There’s no doubt, therefore, that UKIP has a penchant for scapegoating the more vulnerable members of society, although the fault of this may lie more with individual donors and members of UKIP who have joined due to the circumstance that it’s an easy outlet for plain racists, rather than what Farage himself may have promoted. This is not to say of course, that Farage is innocent in the world of politics, having dabbled in the favorite pastime of many of his would be peers at Westminster and escaped not entirely unscathed.
But unlike the Prime Minister, who whines about the EU bureaucracy one minute – like a dazzled child vying for the approval of his much cooler and popular older brother – then throws a tantrum over an extortionate EU bill that anyone with half the economic literacy of he who is supposedly running the country would have predicted months before, Farage doesn’t just talk the talk.
UKIP policy, however objectionable most Scots find it, is crystal clear. On the EU: get out. On immigrants: extensive crackdown, and for those who come in, assimilate, abide by the law, work or leave.
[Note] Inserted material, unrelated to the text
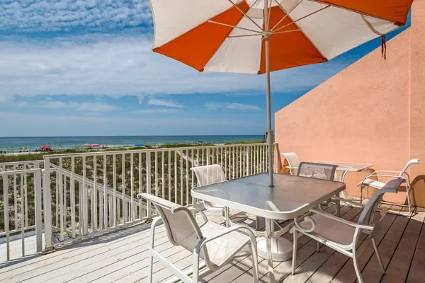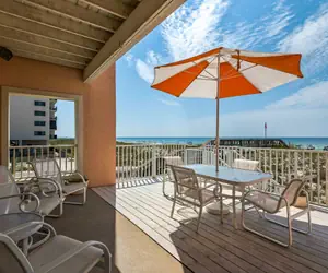 • Second floor has three bedrooms, 2 twin gulf front bedrooms with private balcony and a full bathroom tub/shower combo located in center hall.
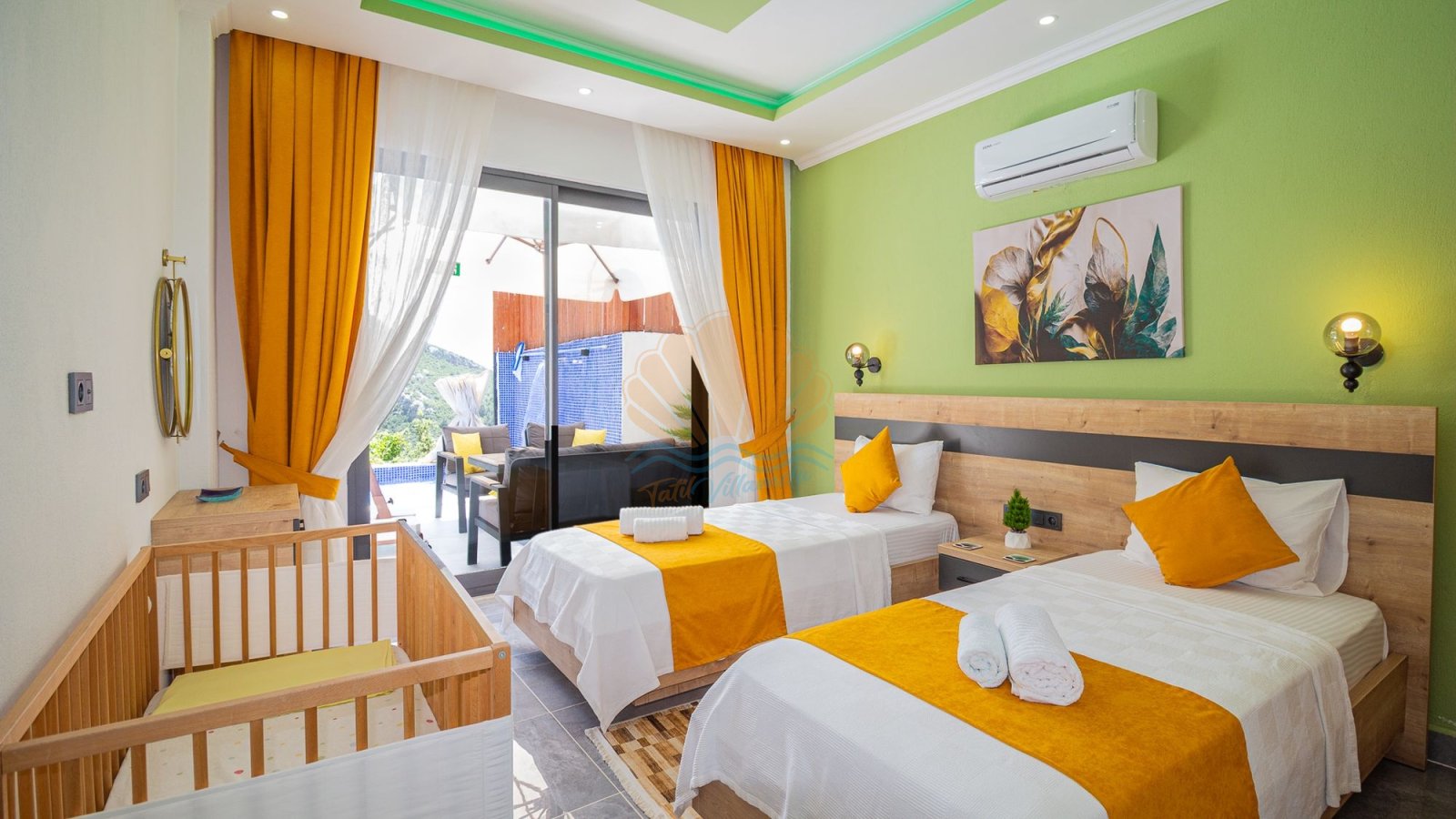 Kalkan’ın doğayla iç içe ve sakin atmosferiyle öne çıkan İslamlar mevkiinde konumlanmaktadır. Şehrin kalabalığından uzak, huzurlu bir tatil arayan misafirler için özenle tasarlanmış bu villa, korunaklı ve geniş havuz alanı sayesinde muhafazakâr aileler ve balayı çiftleri için ideal bir konaklama seçeneği sunar. Doğa manzarası eşliğinde güne başlamak, kuş sesleri arasında dinlenmek isteyenler için keyifli bir ortam sağlar.

On terrorism: fighting home-grown extremists should be the top priority for British security services, rather than sending off troops fight expensive wars in foreign lands, are what fuel terror at home and abroad in the first place.
But it is a testament to the monolithic structure that is the establishment that everything they said about UKIP before it made significant enough gains in the EU elections to warrant Westminster sitting up and taking notice, and Cameron retracting his “loonies and fruitcakes statement”, was repeated with ten times as much vitriol during the referendum campaign against Alex Salmond and the SNP-and is repeated still, towards what they perceive as ‘nationalists’ and the SNP.
At a time when every single Westminster party is in a state of perpetual crisis, perhaps a first in that noble institution’s proud history, none more so than Labour – every new day bringing fresh news of disaster and dissent in the ranks, the threat felt by the establishment, whether by UKIP or Scotland, is almost tangible.
Looking through the prism of UKIP’s success, it is clear that it is not exclusive to Scotland that people are fed up with the way things stand and the way they have been working for a long time, although one may note that Scots may have born the brunt of the Thatcherite politics which have since been ubiquitous in every Westminster government’s policies for the last two decades since the Iron Lady’s reign. But the English certainly aren’t happy, neither the Welsh nor many of the Irish, and it isn’t because they are a bunch of whining scroungers, the way Scots are consistently portrayed by media outlets and society outside of Scotland in general.
So it is easy to see how a party like UKIP has risen in all the turmoil in English politics-for UKIP has very little, if any, traction in Scotland while the membership and support of the SNP grows day by day, having shot up three-fold simply within weeks after the referendum.
And it’s important not to take everything said about UKIP by the mainstream press as face value. It’s easy to label anyone and anything deviating from the party line as racist. You disagree with Obama? Racist. You are critical of Israel’s settlement policy, which is illegal under International Law? Racist. You voted UKIP? Racist.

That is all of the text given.